• **What is needed**:
Reproduce the data below word for word, setting aside any picture it holds.

^^^^^^^^^^^^^^^^

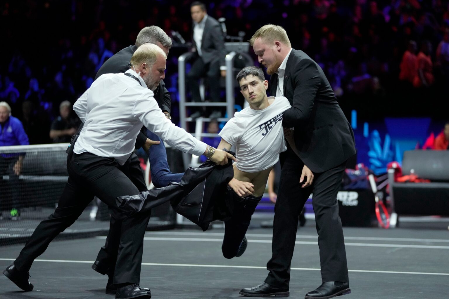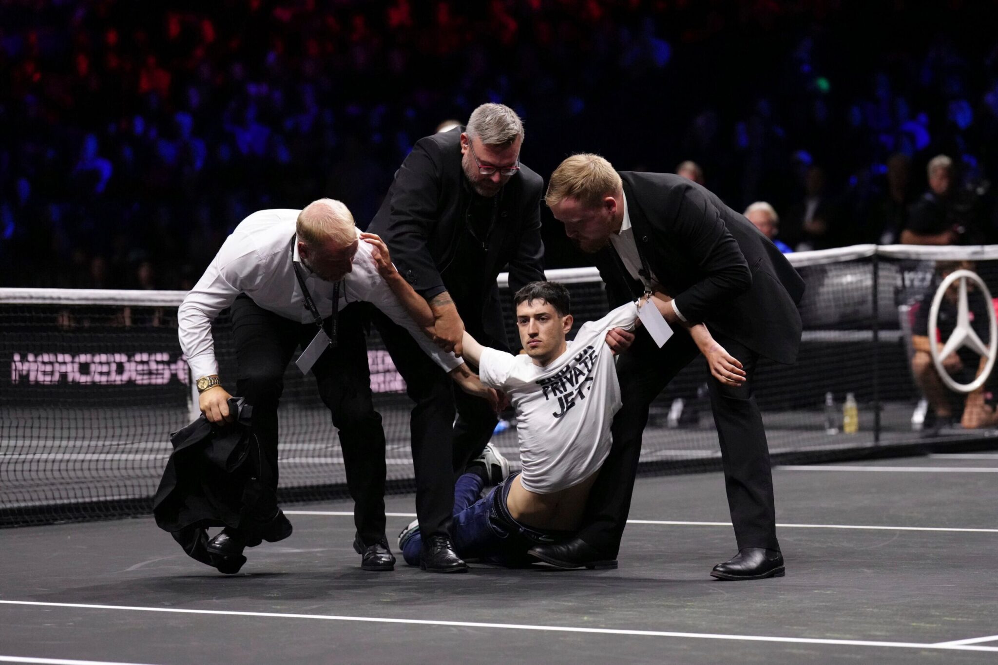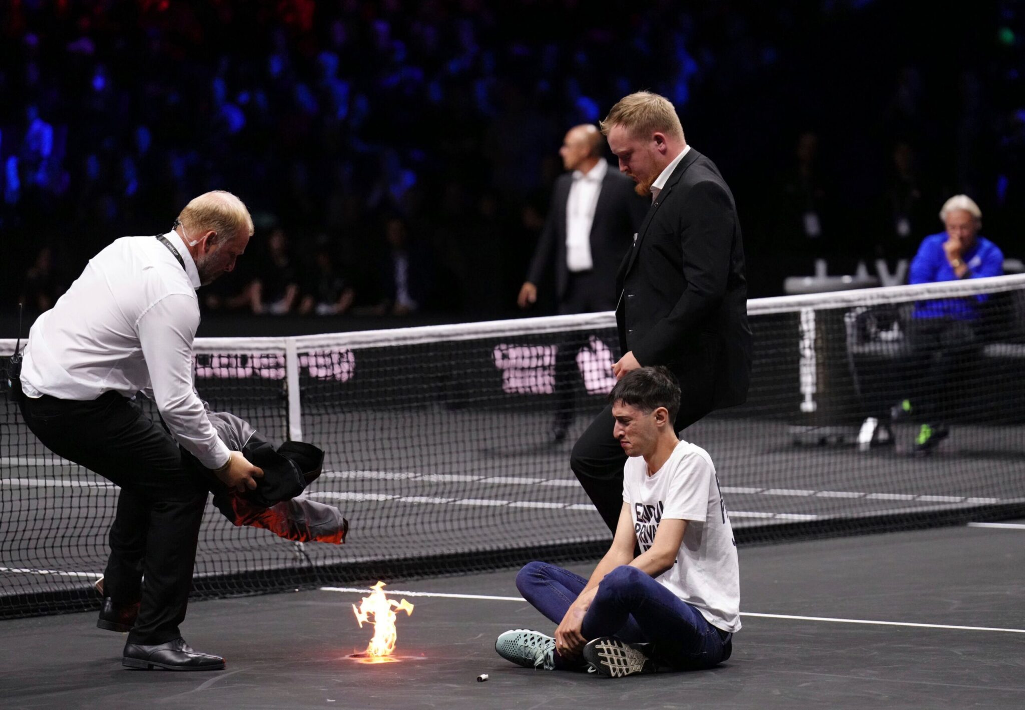 Η έναρξη του φετινού τουρνουά τένις Laver Cup στο Λονδίνο επισκιάστηκε από έναν διαδηλωτής έβαλε φωτιά στο χέρι του κατά τη διάρκεια του αγώνα του Στέφανου Τσιτσιπά με τον Ντιέγκο Σβάρτζμαν.
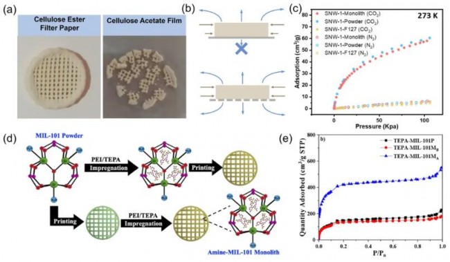 ▲图5. a使用不同干燥基材的无粘合剂3D打印COF的外观;b多孔和无孔基材上3D打印整体材料的干燥机制示意图;c SNW-1整体材料、SNW-1粉末和SNW-1/F127整体材料在273 K下的CO₂和N₂吸附曲线;d浸渍前后的MIL-101整体材料的形成过程;e TEPA-MIL-101粉末、预渗透MOF的3D整体材料、以及经过后处理的3D整体材料的N₂物理吸附等温线
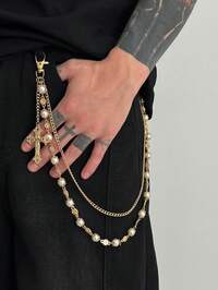 Fairycore 1 قطعة سلسلة بنطلون من خرز الزينة الصناعي بتصميم عصري وبسيط، سلسلة من سبيكة الحديد المطلي، إكسسوار شخصي للرجال، لتزيين البنطلون، هدية للمناسبات
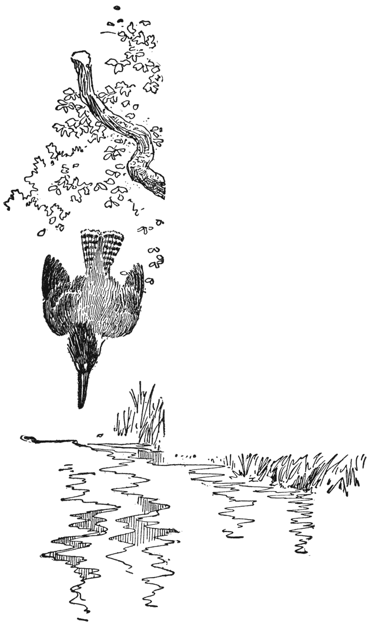 Een paar morgens later, toen ik langs den oever sloop, trof ik een waterkom, die geheel van den hoofdstroom was afgesloten, waar wel twaalf of meer verschrikte voorntjes in rondspartelden, alsof ze er zich niet thuis voelden. Terwijl ik naar ze stond [38]te kijken en me er over verbaasde dat ze de droge bank waren overgekomen, die de kom van de rivier scheidde, kwam er een ijsvogel stroomop schieten met een visch in zijn snavel. Toen hij mij in ’t oog kreeg, zwenkte hij stilletjes en verdween om de landtong stroomaf.
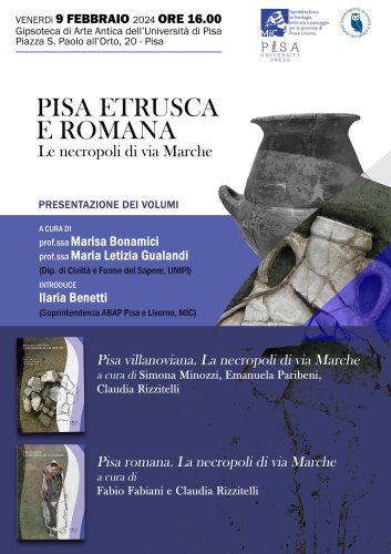 Alla Gipsoteca di Arte Antica dell'Università di Pisa presentazione dei volumi "Pisa villanoviana. La necropoli di via Marche" e "Pisa romana. La necropoli di via Marche", editi da Pisa University Press

^^^^^^^^^^^^^^^^

• **Written reply**:
 Η έναρξη του φετινού τουρνουά τένις Laver Cup στο Λονδίνο επισκιάστηκε από έναν διαδηλωτής έβαλε φωτιά στο χέρι του κατά τη διάρκεια του αγώνα του Στέφανου Τσιτσιπά με τον Ντιέγκο Σβάρτζμαν.
 ▲图5. a使用不同干燥基材的无粘合剂3D打印COF的外观;b多孔和无孔基材上3D打印整体材料的干燥机制示意图;c SNW-1整体材料、SNW-1粉末和SNW-1/F127整体材料在273 K下的CO₂和N₂吸附曲线;d浸渍前后的MIL-101整体材料的形成过程;e TEPA-MIL-101粉末、预渗透MOF的3D整体材料、以及经过后处理的3D整体材料的N₂物理吸附等温线
 Fairycore 1 قطعة سلسلة بنطلون من خرز الزينة الصناعي بتصميم عصري وبسيط، سلسلة من سبيكة الحديد المطلي، إكسسوار شخصي للرجال، لتزيين البنطلون، هدية للمناسبات
 Een paar morgens later, toen ik langs den oever sloop, trof ik een waterkom, die geheel van den hoofdstroom was afgesloten, waar wel twaalf of meer verschrikte voorntjes in rondspartelden, alsof ze er zich niet thuis voelden. Terwijl ik naar ze stond [38]te kijken en me er over verbaasde dat ze de droge bank waren overgekomen, die de kom van de rivier scheidde, kwam er een ijsvogel stroomop schieten met een visch in zijn snavel. Toen hij mij in ’t oog kreeg, zwenkte hij stilletjes en verdween om de landtong stroomaf.
 Alla Gipsoteca di Arte Antica dell'Università di Pisa presentazione dei volumi "Pisa villanoviana. La necropoli di via Marche" e "Pisa romana. La necropoli di via Marche", editi da Pisa University Press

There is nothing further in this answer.